» **WHAT IS EXPECTED**
From the entries that follow, reproduce exactly and only the lines from the line with "PROMO PANCI STEAMER" to the line with "在双汇大厦,漯河市侨商会名誉", endpoints included.
Start of Block
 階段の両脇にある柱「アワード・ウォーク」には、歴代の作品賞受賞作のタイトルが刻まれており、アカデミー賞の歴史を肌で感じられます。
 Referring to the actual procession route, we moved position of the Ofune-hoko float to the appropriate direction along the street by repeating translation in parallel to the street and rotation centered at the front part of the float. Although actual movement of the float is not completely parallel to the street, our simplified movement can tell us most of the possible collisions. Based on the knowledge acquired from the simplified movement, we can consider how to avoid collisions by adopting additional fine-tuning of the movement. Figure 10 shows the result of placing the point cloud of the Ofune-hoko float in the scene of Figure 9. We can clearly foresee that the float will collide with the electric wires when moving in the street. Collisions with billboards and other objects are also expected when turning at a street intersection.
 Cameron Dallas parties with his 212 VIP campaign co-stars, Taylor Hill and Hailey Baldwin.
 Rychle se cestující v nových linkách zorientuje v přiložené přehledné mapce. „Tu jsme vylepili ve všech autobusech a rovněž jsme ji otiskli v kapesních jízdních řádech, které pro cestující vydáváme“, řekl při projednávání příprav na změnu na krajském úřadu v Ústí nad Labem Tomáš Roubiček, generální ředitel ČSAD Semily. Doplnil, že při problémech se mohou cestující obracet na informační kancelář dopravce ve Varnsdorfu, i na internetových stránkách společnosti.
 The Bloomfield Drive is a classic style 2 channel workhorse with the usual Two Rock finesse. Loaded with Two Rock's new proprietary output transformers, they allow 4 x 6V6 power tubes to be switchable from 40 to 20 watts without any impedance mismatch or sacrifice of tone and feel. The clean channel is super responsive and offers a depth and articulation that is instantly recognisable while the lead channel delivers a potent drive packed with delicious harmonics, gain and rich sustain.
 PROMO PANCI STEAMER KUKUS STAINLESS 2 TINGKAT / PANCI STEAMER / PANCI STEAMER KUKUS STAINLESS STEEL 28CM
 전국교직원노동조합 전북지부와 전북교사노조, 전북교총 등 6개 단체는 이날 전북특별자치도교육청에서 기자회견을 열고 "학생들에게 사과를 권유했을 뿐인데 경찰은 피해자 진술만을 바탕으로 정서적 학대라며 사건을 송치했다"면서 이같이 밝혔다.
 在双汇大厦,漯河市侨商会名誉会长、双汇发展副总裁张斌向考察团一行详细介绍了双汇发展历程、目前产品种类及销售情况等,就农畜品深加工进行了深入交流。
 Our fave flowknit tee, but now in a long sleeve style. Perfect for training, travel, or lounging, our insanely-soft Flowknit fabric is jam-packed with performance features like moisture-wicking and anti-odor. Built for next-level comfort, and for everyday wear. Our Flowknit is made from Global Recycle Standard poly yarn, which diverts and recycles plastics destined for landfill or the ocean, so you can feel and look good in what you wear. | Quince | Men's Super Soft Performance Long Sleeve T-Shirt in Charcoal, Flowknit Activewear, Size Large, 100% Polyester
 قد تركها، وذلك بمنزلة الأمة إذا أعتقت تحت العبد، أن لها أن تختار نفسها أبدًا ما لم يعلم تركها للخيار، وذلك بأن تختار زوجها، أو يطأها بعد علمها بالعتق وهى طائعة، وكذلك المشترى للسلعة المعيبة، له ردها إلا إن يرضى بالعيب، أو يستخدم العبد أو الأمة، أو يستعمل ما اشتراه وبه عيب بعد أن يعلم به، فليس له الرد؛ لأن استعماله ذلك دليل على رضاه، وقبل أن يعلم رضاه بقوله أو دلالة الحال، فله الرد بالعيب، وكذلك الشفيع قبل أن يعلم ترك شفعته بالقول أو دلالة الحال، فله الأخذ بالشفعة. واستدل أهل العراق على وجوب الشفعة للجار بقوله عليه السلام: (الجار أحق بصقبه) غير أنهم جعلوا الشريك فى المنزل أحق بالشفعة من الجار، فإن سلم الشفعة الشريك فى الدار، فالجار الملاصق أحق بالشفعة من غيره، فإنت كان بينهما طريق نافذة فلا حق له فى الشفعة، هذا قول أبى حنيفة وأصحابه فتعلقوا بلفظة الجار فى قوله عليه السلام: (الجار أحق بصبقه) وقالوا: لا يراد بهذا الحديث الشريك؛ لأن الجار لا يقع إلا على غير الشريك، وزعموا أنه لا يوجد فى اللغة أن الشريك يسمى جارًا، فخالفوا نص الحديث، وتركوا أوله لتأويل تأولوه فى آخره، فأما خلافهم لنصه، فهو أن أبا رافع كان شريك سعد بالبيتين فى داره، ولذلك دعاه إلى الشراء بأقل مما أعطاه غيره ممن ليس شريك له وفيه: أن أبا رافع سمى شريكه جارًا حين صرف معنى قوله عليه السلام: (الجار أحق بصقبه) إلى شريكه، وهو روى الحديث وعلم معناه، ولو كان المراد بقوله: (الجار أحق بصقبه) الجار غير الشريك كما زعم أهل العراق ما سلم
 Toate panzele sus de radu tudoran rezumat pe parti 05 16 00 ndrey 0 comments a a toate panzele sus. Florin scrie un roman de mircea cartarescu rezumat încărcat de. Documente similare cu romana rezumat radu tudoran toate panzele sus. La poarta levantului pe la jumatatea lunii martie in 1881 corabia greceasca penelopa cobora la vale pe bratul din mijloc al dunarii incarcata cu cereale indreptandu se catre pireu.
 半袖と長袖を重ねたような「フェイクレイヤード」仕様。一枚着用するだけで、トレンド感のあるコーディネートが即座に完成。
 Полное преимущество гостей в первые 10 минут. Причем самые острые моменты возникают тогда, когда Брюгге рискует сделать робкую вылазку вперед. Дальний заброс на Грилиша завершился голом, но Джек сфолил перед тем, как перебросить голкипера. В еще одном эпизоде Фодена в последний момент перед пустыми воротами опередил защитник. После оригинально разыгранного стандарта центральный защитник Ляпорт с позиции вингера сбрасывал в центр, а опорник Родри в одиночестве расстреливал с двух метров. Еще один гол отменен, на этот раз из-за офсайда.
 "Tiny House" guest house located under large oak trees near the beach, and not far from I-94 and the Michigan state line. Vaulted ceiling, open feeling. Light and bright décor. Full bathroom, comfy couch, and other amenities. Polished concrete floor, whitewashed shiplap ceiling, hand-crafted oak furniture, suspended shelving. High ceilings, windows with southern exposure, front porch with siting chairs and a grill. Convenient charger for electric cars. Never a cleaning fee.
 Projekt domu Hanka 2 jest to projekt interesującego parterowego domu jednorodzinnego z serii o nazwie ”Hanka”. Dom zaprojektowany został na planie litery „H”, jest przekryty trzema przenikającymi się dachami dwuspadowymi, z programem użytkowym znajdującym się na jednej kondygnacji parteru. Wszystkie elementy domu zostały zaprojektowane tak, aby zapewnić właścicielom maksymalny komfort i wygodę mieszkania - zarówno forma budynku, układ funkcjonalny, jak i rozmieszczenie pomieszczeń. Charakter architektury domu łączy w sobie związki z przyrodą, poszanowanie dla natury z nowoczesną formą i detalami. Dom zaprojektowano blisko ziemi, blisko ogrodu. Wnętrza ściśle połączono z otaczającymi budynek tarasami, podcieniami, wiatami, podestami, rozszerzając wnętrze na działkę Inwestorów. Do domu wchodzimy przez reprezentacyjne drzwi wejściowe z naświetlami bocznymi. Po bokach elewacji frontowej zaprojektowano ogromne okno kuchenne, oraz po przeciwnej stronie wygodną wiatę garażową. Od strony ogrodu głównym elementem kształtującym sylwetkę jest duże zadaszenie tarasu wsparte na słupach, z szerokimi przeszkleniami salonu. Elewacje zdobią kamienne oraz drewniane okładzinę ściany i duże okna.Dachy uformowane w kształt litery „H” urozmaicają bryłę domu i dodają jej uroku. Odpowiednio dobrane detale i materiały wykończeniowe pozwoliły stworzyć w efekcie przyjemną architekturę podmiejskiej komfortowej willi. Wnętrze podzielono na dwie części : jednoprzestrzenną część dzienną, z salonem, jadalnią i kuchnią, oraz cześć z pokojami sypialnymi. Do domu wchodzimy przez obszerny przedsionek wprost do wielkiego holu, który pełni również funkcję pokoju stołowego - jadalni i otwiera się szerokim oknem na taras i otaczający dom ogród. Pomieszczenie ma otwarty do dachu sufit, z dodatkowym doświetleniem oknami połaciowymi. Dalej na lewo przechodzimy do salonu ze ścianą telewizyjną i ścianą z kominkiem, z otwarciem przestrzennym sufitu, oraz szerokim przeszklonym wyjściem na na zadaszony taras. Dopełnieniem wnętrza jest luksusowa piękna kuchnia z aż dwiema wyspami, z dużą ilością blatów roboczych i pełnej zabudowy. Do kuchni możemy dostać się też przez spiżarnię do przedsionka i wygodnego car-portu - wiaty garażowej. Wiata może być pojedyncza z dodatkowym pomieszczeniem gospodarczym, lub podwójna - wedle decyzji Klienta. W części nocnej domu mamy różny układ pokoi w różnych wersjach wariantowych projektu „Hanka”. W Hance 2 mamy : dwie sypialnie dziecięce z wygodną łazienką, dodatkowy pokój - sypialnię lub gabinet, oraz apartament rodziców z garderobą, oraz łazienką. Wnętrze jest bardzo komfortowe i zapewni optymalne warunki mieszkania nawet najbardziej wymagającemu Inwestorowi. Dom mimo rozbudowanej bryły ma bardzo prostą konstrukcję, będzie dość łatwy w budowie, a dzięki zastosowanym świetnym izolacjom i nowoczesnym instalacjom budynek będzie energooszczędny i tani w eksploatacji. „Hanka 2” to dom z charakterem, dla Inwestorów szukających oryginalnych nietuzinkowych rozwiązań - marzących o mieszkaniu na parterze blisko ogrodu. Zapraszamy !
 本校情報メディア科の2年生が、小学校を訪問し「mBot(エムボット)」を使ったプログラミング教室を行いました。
End of Block
» **FINISHED EXERCISE**
 PROMO PANCI STEAMER KUKUS STAINLESS 2 TINGKAT / PANCI STEAMER / PANCI STEAMER KUKUS STAINLESS STEEL 28CM
 전국교직원노동조합 전북지부와 전북교사노조, 전북교총 등 6개 단체는 이날 전북특별자치도교육청에서 기자회견을 열고 "학생들에게 사과를 권유했을 뿐인데 경찰은 피해자 진술만을 바탕으로 정서적 학대라며 사건을 송치했다"면서 이같이 밝혔다.
 在双汇大厦,漯河市侨商会名誉会长、双汇发展副总裁张斌向考察团一行详细介绍了双汇发展历程、目前产品种类及销售情况等,就农畜品深加工进行了深入交流。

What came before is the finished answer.